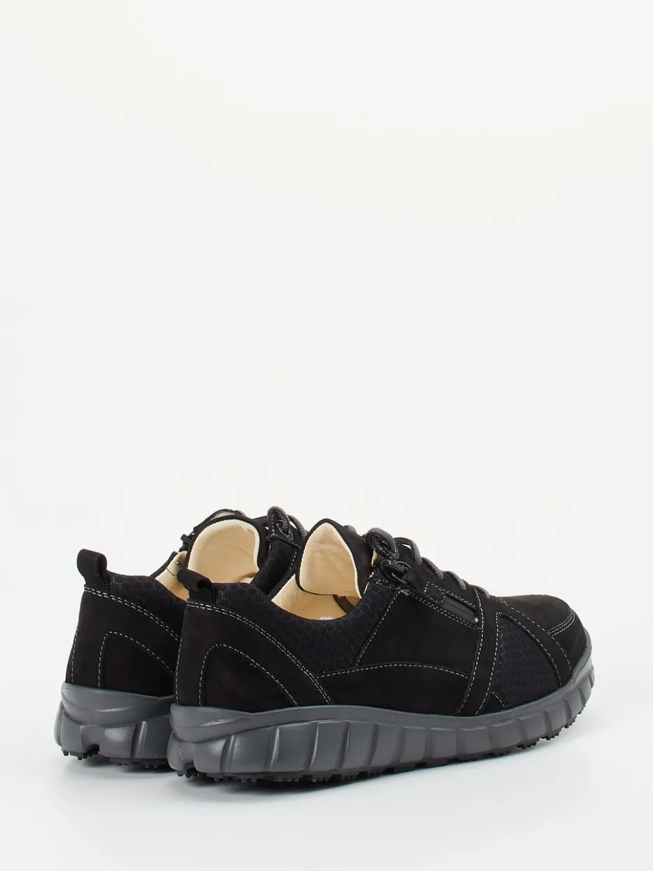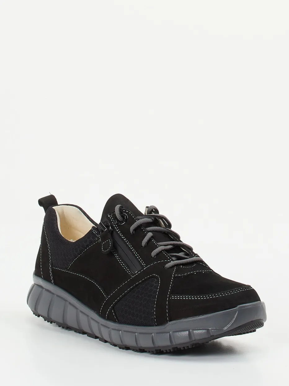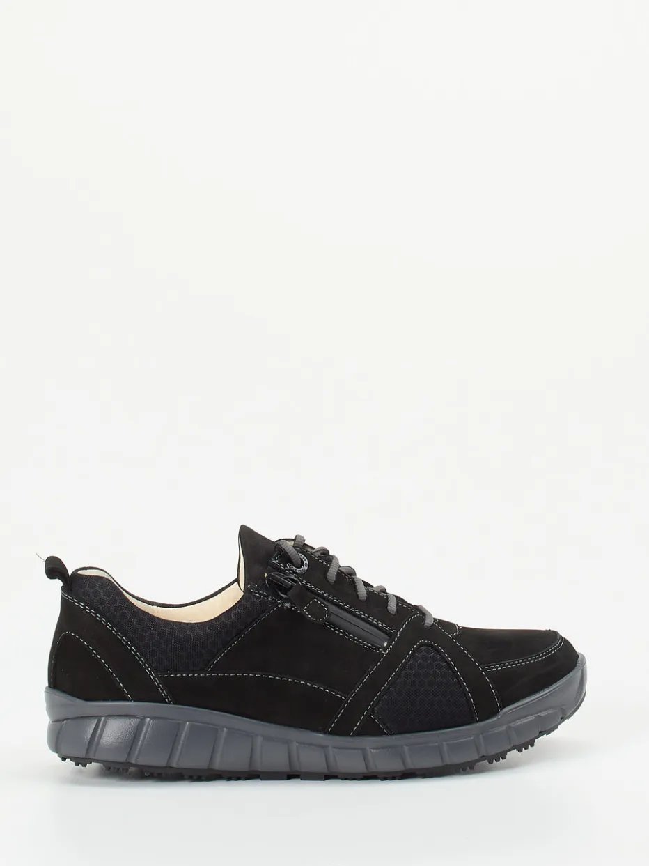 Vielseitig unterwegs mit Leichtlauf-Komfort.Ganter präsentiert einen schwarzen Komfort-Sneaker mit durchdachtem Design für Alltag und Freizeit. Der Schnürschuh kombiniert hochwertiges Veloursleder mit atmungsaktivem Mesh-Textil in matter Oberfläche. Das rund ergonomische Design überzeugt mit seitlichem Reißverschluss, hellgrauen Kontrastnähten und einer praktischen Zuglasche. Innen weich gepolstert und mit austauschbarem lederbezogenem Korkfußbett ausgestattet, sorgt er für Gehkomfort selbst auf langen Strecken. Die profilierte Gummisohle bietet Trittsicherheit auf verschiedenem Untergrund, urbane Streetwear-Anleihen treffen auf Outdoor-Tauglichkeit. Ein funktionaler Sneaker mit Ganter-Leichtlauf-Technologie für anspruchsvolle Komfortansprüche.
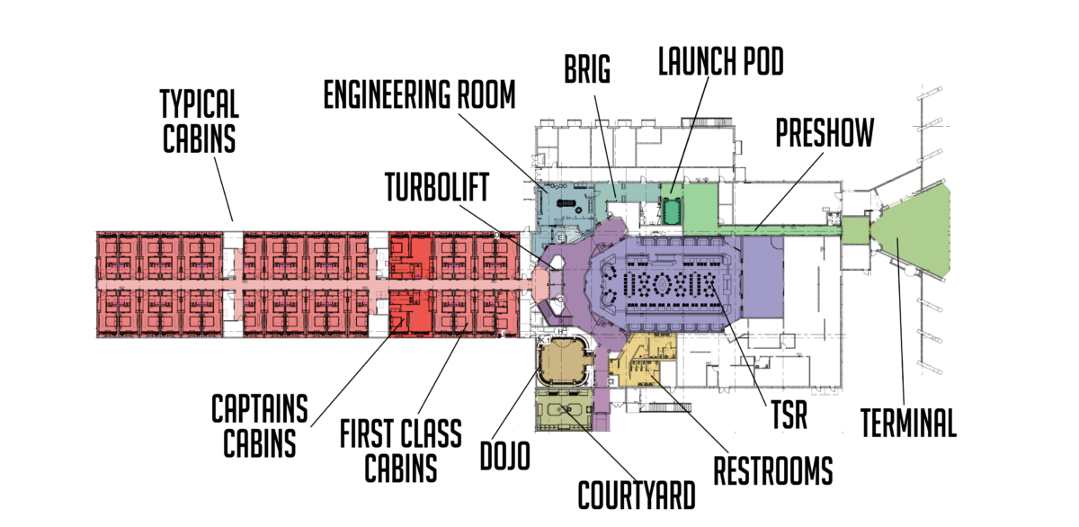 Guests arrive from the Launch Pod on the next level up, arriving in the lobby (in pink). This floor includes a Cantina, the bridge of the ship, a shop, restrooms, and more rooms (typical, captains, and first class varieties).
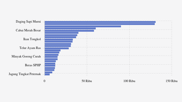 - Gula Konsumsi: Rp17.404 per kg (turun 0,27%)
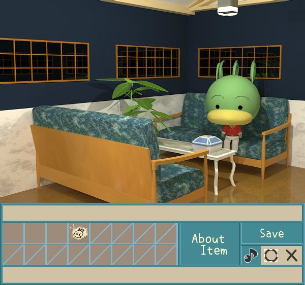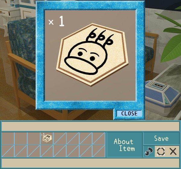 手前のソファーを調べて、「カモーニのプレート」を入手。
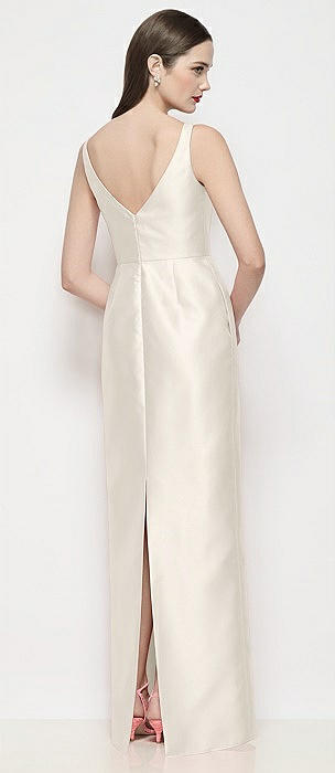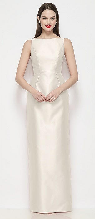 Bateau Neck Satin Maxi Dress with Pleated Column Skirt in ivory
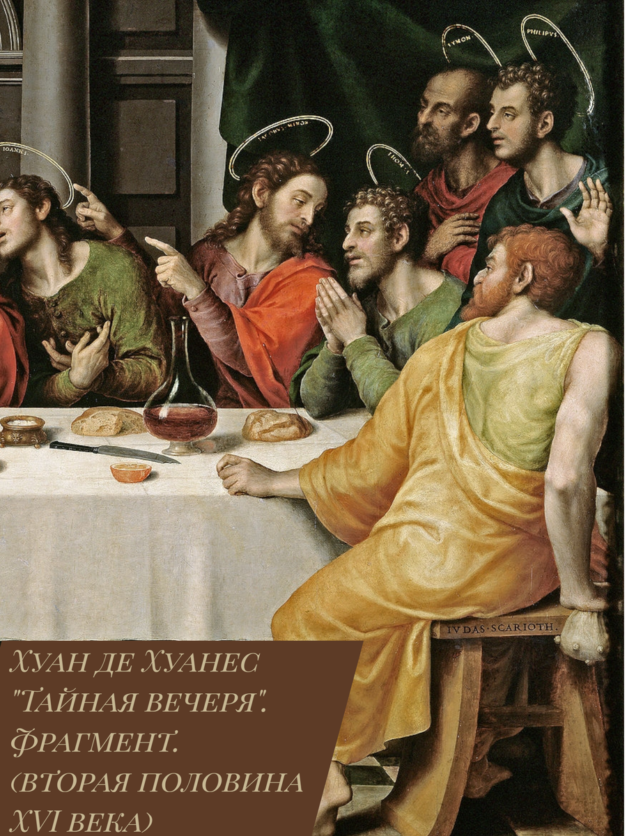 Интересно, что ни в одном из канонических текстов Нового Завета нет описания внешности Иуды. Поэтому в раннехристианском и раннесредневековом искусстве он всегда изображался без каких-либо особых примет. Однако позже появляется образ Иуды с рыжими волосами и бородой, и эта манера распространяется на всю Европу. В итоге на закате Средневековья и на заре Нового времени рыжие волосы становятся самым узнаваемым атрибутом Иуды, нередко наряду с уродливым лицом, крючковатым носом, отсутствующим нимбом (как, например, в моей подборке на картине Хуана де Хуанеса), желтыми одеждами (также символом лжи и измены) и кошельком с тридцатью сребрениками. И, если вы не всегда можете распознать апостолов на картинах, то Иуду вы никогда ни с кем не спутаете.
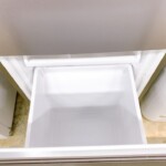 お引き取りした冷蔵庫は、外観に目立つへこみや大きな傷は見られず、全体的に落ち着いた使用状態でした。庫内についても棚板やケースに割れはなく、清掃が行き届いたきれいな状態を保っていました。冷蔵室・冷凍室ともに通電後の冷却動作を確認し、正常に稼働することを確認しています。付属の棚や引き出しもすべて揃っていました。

*Required work*. With the images left out, set down every entry exactly.

*Solution to the problem*.
 Vielseitig unterwegs mit Leichtlauf-Komfort.Ganter präsentiert einen schwarzen Komfort-Sneaker mit durchdachtem Design für Alltag und Freizeit. Der Schnürschuh kombiniert hochwertiges Veloursleder mit atmungsaktivem Mesh-Textil in matter Oberfläche. Das rund ergonomische Design überzeugt mit seitlichem Reißverschluss, hellgrauen Kontrastnähten und einer praktischen Zuglasche. Innen weich gepolstert und mit austauschbarem lederbezogenem Korkfußbett ausgestattet, sorgt er für Gehkomfort selbst auf langen Strecken. Die profilierte Gummisohle bietet Trittsicherheit auf verschiedenem Untergrund, urbane Streetwear-Anleihen treffen auf Outdoor-Tauglichkeit. Ein funktionaler Sneaker mit Ganter-Leichtlauf-Technologie für anspruchsvolle Komfortansprüche.
 Guests arrive from the Launch Pod on the next level up, arriving in the lobby (in pink). This floor includes a Cantina, the bridge of the ship, a shop, restrooms, and more rooms (typical, captains, and first class varieties).
 - Gula Konsumsi: Rp17.404 per kg (turun 0,27%)
 手前のソファーを調べて、「カモーニのプレート」を入手。
 Bateau Neck Satin Maxi Dress with Pleated Column Skirt in ivory
 Интересно, что ни в одном из канонических текстов Нового Завета нет описания внешности Иуды. Поэтому в раннехристианском и раннесредневековом искусстве он всегда изображался без каких-либо особых примет. Однако позже появляется образ Иуды с рыжими волосами и бородой, и эта манера распространяется на всю Европу. В итоге на закате Средневековья и на заре Нового времени рыжие волосы становятся самым узнаваемым атрибутом Иуды, нередко наряду с уродливым лицом, крючковатым носом, отсутствующим нимбом (как, например, в моей подборке на картине Хуана де Хуанеса), желтыми одеждами (также символом лжи и измены) и кошельком с тридцатью сребрениками. И, если вы не всегда можете распознать апостолов на картинах, то Иуду вы никогда ни с кем не спутаете.
 お引き取りした冷蔵庫は、外観に目立つへこみや大きな傷は見られず、全体的に落ち着いた使用状態でした。庫内についても棚板やケースに割れはなく、清掃が行き届いたきれいな状態を保っていました。冷蔵室・冷凍室ともに通電後の冷却動作を確認し、正常に稼働することを確認しています。付属の棚や引き出しもすべて揃っていました。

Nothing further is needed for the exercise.